== About this exercise ==
Copy the lines below exactly, starting at the one with "首先,同学们一起观看了党史短" and ending at the one with "Слайд 2Условные предложения", and leave out any picture.

== Source records ==
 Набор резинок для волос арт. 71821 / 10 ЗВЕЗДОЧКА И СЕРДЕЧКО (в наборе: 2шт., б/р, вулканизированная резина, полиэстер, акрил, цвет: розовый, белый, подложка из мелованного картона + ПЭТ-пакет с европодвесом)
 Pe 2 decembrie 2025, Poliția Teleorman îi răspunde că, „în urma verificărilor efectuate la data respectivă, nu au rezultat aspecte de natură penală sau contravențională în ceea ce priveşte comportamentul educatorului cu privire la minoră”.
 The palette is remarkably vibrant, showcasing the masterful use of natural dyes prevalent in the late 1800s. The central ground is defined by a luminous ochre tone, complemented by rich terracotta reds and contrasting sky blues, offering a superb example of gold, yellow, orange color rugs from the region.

...

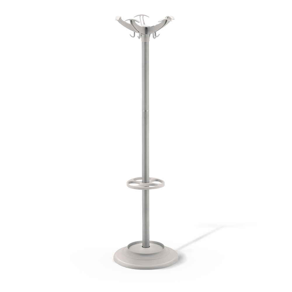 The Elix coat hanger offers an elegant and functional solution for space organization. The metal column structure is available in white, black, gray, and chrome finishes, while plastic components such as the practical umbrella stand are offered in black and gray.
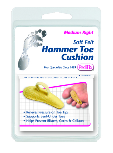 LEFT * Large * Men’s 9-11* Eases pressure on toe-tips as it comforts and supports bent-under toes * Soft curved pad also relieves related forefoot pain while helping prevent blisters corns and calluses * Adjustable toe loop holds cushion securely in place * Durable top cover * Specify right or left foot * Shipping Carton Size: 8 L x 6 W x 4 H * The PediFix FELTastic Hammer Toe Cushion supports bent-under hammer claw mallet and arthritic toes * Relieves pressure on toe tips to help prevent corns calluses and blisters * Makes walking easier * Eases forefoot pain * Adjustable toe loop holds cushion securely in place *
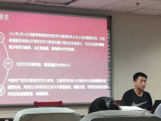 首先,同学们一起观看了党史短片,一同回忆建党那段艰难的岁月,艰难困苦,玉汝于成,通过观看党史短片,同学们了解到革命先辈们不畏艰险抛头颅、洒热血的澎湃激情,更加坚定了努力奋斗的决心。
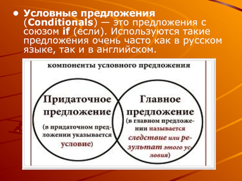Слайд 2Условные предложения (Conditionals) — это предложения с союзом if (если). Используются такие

* * *

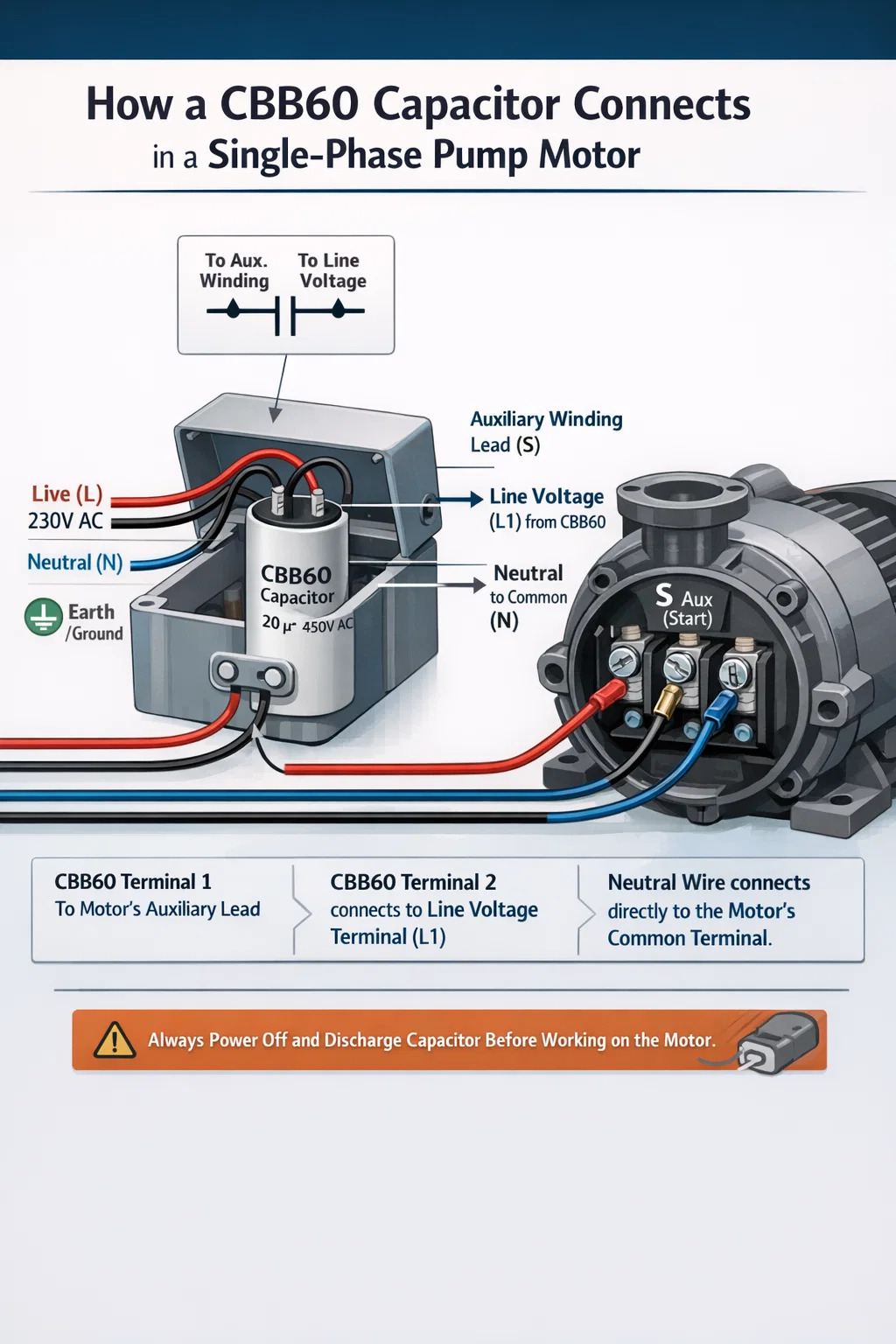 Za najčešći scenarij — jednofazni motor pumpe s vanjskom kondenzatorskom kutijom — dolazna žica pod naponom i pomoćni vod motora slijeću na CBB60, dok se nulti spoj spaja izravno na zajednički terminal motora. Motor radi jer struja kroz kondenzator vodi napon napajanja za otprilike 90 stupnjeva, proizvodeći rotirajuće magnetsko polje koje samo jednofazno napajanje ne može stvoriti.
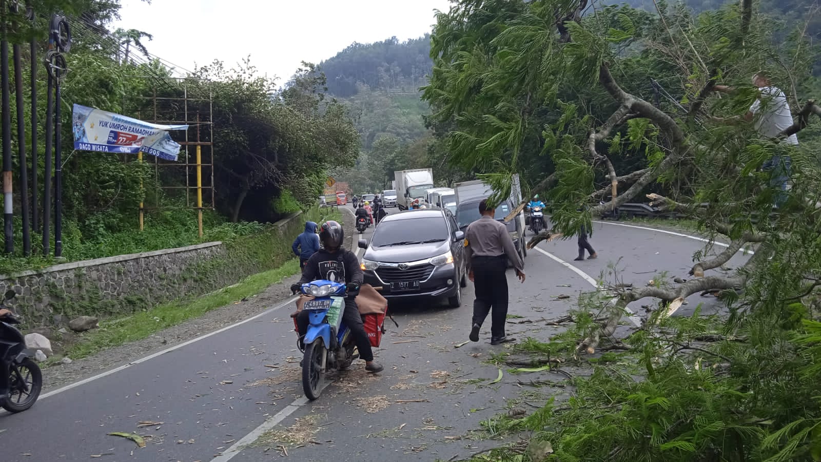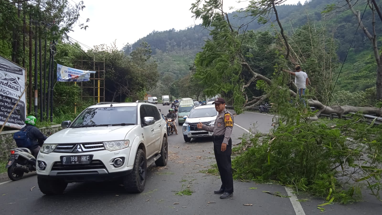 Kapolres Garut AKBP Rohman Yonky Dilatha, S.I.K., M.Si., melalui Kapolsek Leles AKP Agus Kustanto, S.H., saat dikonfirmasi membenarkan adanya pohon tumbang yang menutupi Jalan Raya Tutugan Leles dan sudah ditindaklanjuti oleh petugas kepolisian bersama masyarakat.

== Problem solution ==
 首先,同学们一起观看了党史短片,一同回忆建党那段艰难的岁月,艰难困苦,玉汝于成,通过观看党史短片,同学们了解到革命先辈们不畏艰险抛头颅、洒热血的澎湃激情,更加坚定了努力奋斗的决心。
Слайд 2Условные предложения (Conditionals) — это предложения с союзом if (если). Используются такие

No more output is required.